Suppose there are four performance levels (Levels I through IV) for a state assessment program. Based on a standard setting study, cut scores on the θ scale are −0.8 for Level I-II, 0.2 for Level II-III and 1.3 for Level III-IV. As illustrated in this section, the choice of proficiency estimator can have a substantial effect on the percentage of students classified at each of the performance levels.

In this hypothetical example, the scaling data for Grade 7 of the Vocabulary test of the Iowa Tests of Basic Skills were used. The test contains 41 multiple-choice items. For more information on the dataset used, see Tong and Kolen (2007). For each student in the dataset (N = 1,199), ${{{\hat{\theta }}}_{MLE}}$, ${{{\hat{\theta}}}_{EAP}}$, ${{{\hat{\theta }}}_{sEAP}}$, and ${{{\hat{\theta }}}_{TCF}}$ were computed based on the same set of item parameter estimates. Table 3.1 shows the mean and standard deviation (SD) of the proficiency estimates for all the students included in the example. Figure 3.1 shows the cumulative frequency distribution of the proficiency estimates for these students. The variabilities of these estimators are ordered, as expected based on Equation 3.20, as

$$SD({{\hat\theta }_{sEAP}})\ <\ SD({{\hat\theta }_{EAP}})\ <\ SD({{\hat\theta }_{MLE}})\ <\ SD({{\hat\theta }_{TCF}}).$$

Table 3.1 Example: Effects of IRT Proficiency Estimator on Percent in Proficiency Level

Full size table

From Figure 3.1, the cumulative distributions for ${{{\hat{\theta }}}_{EAP}}$ and ${{{\hat{\theta }}}_{sEAP}}$ are similar to one other and the cumulative distributions for ${{{\hat{\theta }}}_{TCF}}$ and ${{{\hat{\theta }}}_{MLE}}$ are similar to one other.

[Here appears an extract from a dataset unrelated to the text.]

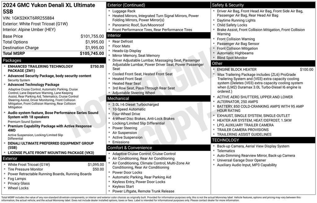 4WD, 15 Diagonal Multi-Color Head-Up Display, 16-Way Power Seat Adjusters, 18 Speakers, 2 Presets For Outside Rearview Mirrors, 3rd Row 60/40 Power-Folding Split-Bench Seat, 850 Cold-Cranking Amps Battery, Adaptive Cruise Control, Adaptive suspension, Advanced Security Package, Advanced Technology Package, Apple CarPlay/Android Auto, Auto High-beam Headlights, Auto-dimming door mirrors, Auto-dimming Rear-View mirror, Auto-leveling suspension, Bose Performance Series Sound System w/18 Speakers, Brake assist, Bright Front & Rear Door Sill Plates, Chrome Door Handles w/Body-Color Strip, Delay-off headlights, Diesel B20 Fuel, Dual Exhaust System, Dual-Pane Panoramic Power Sunroof, Emergency communication system: OnStar and GMC connected services capable, Enhanced Automatic Emergency Braking, Enhanced Automatic Parking Assist, Enhanced Trailering Technology Package, Extra Capacity Cooling System, Floor Console, Front Bucket Seats, Front Center Armrest, Front fog lights, Full Grain Leather Seats, Fully automatic headlights, Garage door transmitter, Glass Breakage Sensor, Hands-Free Power Programmable Rear Liftgate, HD Surround Vision, Heads-Up Display, Heated 2nd Row Outboard Position Seats, Heated door mirrors, Heated Driver & Front Passenger Seats, Heated Steering Wheel, Hill Descent Control, Hitch View, Inside Rearview Auto-Dimming Rear Camera Mirror, Integrated Trailer Brake Controller, Leather-Wrapped Steering Wheel, Magnetic Ride Control Suspension, Max Trailering Package, Memory seat, Navigation System, Outside Heated Power-Adjustable Mirrors, Perforated Heated & Ventilated Dr & Frt Pass Seats, Power driver seat, Power Liftgate, Power Release 2nd Row Bucket Seats, Power Tilt & Telescopic Steering Column, Power-Retractable Assist Steps, Preferred Equipment Group 5SB, Rain sensing wipers, Rear audio controls, Rear Camera Mirror Washer, Rear Cross Traffic Alert, Rear Pedestrian Alert, Rear Seat Media System, Remote keyless entry, Reverse Automatic Braking, Safety Alert Seat, Smart Trailer Integration Indicator, Sport Pedal Cover Kit (LPO), Steering wheel memory, Steering wheel mounted audio controls, Super Cruise, Theft-Deterrent Alarm System, Trailer Camera Provisions, Trailer Side Blind Zone Alert, Trailer Tire Pressure Monitor Sensors, Trailering Assist Guidelines, Turn signal indicator mirrors, Universal Home Remote, Upper & Lower Active Aero Shutters, Vader Bodyside Moldings, Vehicle Inclination Sensor, Vehicle Interior Movement Sensor, Wheel Locks (Set of 4) (LPO), Wheels: 22 7-Spoke Ultra-Bright Machined, Wired Auxiliary Trailer Camera (LPO), Wireless Charging.
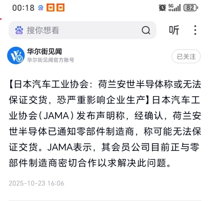 JAMA表示,其会员公司目前正与零部件制造商“中国安世”密切合作以求解决此问题

Using the θ cut scores from standard setting, students were classified into each of the four performance levels using the four proficiency estimates. The percentage in each level for each of the estimators is reported in Table 3.1. As can be observed, ${{{\hat{\theta }}}_{MLE}}$ and ${{{\hat{\theta }}}_{TCF}}$ tend to produce larger percentages of students in Levels I and IV, consistent with the observation that these estimators have relatively larger variability. Of the 1,199 students in the data, 31 students (about 13%) had different performance-level classifications using different proficiency estimators. The differences were within one performance level. These results illustrate that, in practice, the choice of IRT proficiency estimator can affect the proficiency level reported for a student.

5 IRT Scale Scores

IRT scale scores often are developed by linearly transforming IRT proficiencies and then rounding to integers. When a linear transformation is used, the estimators and their statistical properties can be found directly based on the linear transformation. Sometimes IRT scale scores are transformed nonlinearly to scale scores. Lord (1980, pp. 84–88) argued that a nonlinear transformation of θ could be preferable to θ.

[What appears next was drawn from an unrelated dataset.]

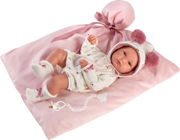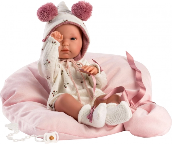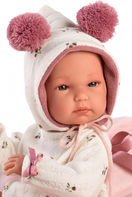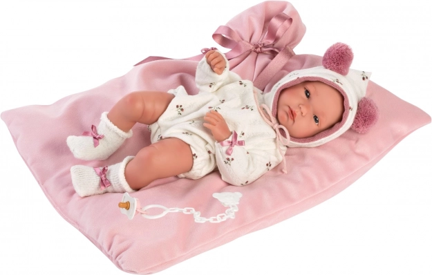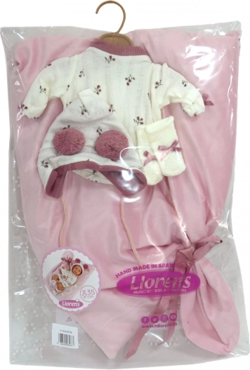 A csomag része egy puha masnis takaró a baba kényelmes elhelyezéséhez, a praktikus áttetsző csomagolás műanyag vállfával, valamint az igényes kézi spanyol gyártás, amely a gyakori játék mellett is hosszú élettartamot biztosít.

Define h as a continuous monotonically increasing function of proficiency, such that

$${\theta ^ * } = h(\theta ).$$

(3.21)

Lord (1980, pp. 187–188) showed that the maximum likelihood estimator for a nonlinear transformed proficiency could be found by applying the nonlinear transformation to the maximum likelihood estimator parameter estimate. That is, he showed that

$${\hat\theta ^ * }_{\!MLE} = h({\hat\theta _{MLE}}).$$

(3.22)

Estimates based on the test characteristic function are found by a similar substitution. Lord (1980, pp. 187–188) also showed that Bayesian estimators do not possess this property. Thus, for example,

$${\hat \theta ^*}_{\!EAP} \ne h({\hat \theta _{EAP}}).$$

(3.23)

To find ${{\hat{\theta }}^{*}}\!_{EAP}$ would require computing the estimate using Equation 3.11 after substituting θ ^* for each occurrence of θ.

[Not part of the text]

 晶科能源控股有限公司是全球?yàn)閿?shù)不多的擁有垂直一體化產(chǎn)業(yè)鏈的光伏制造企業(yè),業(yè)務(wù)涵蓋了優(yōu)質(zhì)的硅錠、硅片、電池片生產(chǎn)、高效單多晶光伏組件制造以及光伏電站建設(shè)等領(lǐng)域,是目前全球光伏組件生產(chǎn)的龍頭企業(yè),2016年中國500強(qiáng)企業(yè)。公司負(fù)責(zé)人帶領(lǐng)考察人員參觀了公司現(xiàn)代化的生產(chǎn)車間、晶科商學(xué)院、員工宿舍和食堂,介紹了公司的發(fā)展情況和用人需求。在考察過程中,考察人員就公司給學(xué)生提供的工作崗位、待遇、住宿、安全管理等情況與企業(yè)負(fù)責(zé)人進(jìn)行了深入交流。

One nonlinear transformation that is often used is the domain score (Bock, Thissen, & Zimowski, 1997; Pommerich, Nicewander, & Hanson, 1999), which is calculated as follows:

$${\theta ^ * }_{\!domain} = \frac{1}{{{n_{domain}}}}\sum\limits_{i = 1}^{{n_{domain}}} {{\tau _i}(\theta )}, $$

(3.24)

where ${{\tau }_{i}}(\theta )$ is defined in Equation 3.7, and the summation is over all n _domain items in the domain, where the domain is a large number of items intended to reflect the content that is being assessed. Substituting ${\hat{\theta }}_{MLE}$ for θ in Equation 3.24 produces the maximum likelihood estimator of $\theta _{domain}^{*}$. However, substituting ${\hat{\theta }}_{EAP}$ for θ in Equation 3.24 does not produce a Bayesian EAP estimator of $\theta _{domain}^{*}$.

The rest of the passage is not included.